The two chapters in Part 3 of the book deal with the new legislation designed to allow people appoint who they wish to act as their substitute decision-makers in the event of them losing their capacity to make their own decisions. These chapters deal with enduring guardianship and enduring powers of attorney respectively. They too cover the legislation in all those States and Territories that have enduring guardianship legislation, and with enduring powers of attorney that exist in each Australian jurisdiction. The introduction of the mechanisms to allow people to appoint those they want as their substitute decision-makers for personal decisions as well as for managing their financial affairs was important development in the late 20th century.

The final part of the book deals with substitute consent to medical treatment, advance directives, decision-making about treatment and care at the end of life, the sterilisation of incapable people and capacity to consent to research. The six chapters of Part 4 of the book set out the relevant legislation and common law. They also deal with assessing capacity and with the legal and ethical issues facing doctors and other health professionals dealing with the matters covered by this part of the book.

The book is intended for the general reader wishing to be informed about the issues it discusses. This explains why the book avoids technical terms where possible. For example “testator” is replaced by “will-maker” and “proposed represented person” by “the person the hearing is about”. There are other similar changes throughout the book.

We believe that this book, in any event but particularly because it is accessible on the internet free of charge, will be of great assistance to doctors, lawyers, psychologists, social workers, nurses and other health professionals whose work involves them dealing with people whose decisions-making capacity is in doubt and who need decisions made for them or whose transactions or other actions may not have been carried out in their interests.

In particular the book provides clear assistance to health professionals who are asked to provide assessments, write reports or act as expert witnesses in cases in which the capacity of one of those involved is questioned.

We shared the writing of this book. However, as Chapter 1 is about capacity, Carmelle Peisah was the lead author in relation to it. She also played the initiating role in relation to Chapters 2, 3, and 4 and wrote most of Chapter 16 on capacity to consent to research.

Nick O’Neill was the initiator and lead writer of the other chapters. However, those parts of any of those chapters dealing with capacity from a non-legal perspective or about writing reports about capacity assessments and related matters, for example Chapter 6.12, were written either wholly or in substantial part by Carmelle Peisah.
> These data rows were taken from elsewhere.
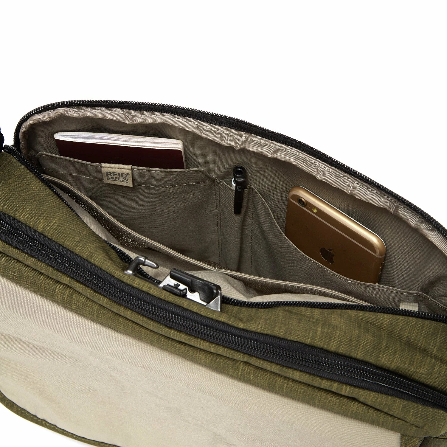 - Cut-resistant anchor strap secures around a fixed object to protect your bag
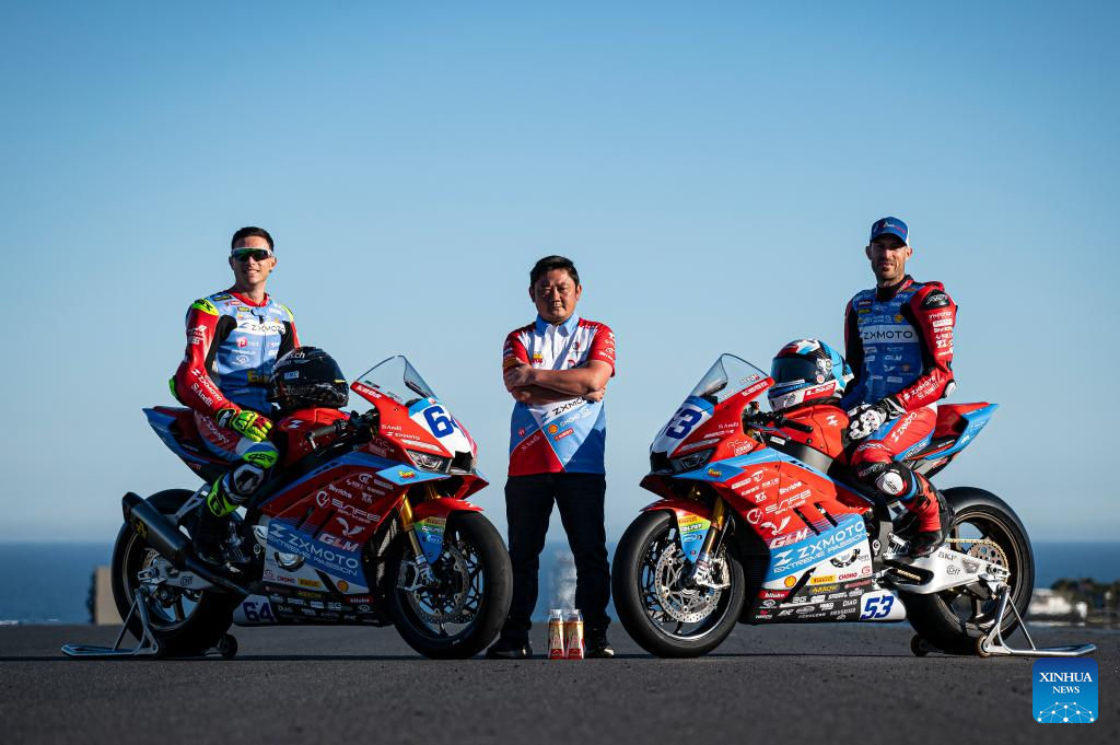French rider Valentin Debise (R) and Italian rider Federico Caricasulo (L) pose with Zhang Xue (C), brand founder and owner of Chinese motorcycle manufacturer ZXMOTO, at Phillip Island Grand Prix Circuit in Australia, Feb. 20, 2026. (Xinhua)
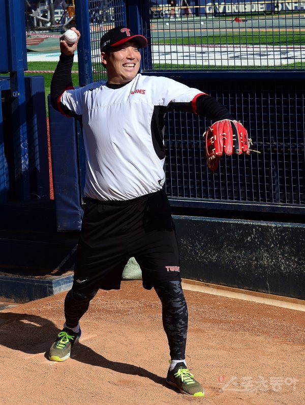 6일 서울 잠실야구장에서 ‘2022 신한은행 SOL KBO리그’ LG 트윈스와 SSG 랜더스의 경기가 열린다. 경기 전 LG 김현수가 불펜에서 투구를 펼치고 있다.

This substantial book would not have been completed and brought to publication if we had not enjoyed working together and learning from one another as well as supporting one another to see the project through to this point.

We would like to thank the following for their assistance in answering questions about or comments on parts of the book or in generously providing other assistance. Nick O’Neill wishes to thank in particular Imelda Dodds, John Billings, Ron Joachim, Anita Smith and Esther Cho. He thanks Annette O’Neill for her encouragement and support over the nearly six years it has taken to progress this project to the point of initial publication. He also wishes to apologise to anyone he should have remembered to thank. Carmelle Peisah would like to thank Anne Mellor and Ken Shulman for their suggestions regarding Chapters 4, 13 and 14. She also thanks her husband and children for putting up with her obsession with the computer.

Nick O’Neill could not have undertaken this project without his appointment as a professorial visiting fellow in the Faculty of Law at the University of New South Wales. At the Faculty he was provided with the physical means of undertaking his research but also he was made welcome by and assisted in a myriad of ways by members of the research, teaching and administrative staff of the Faculty.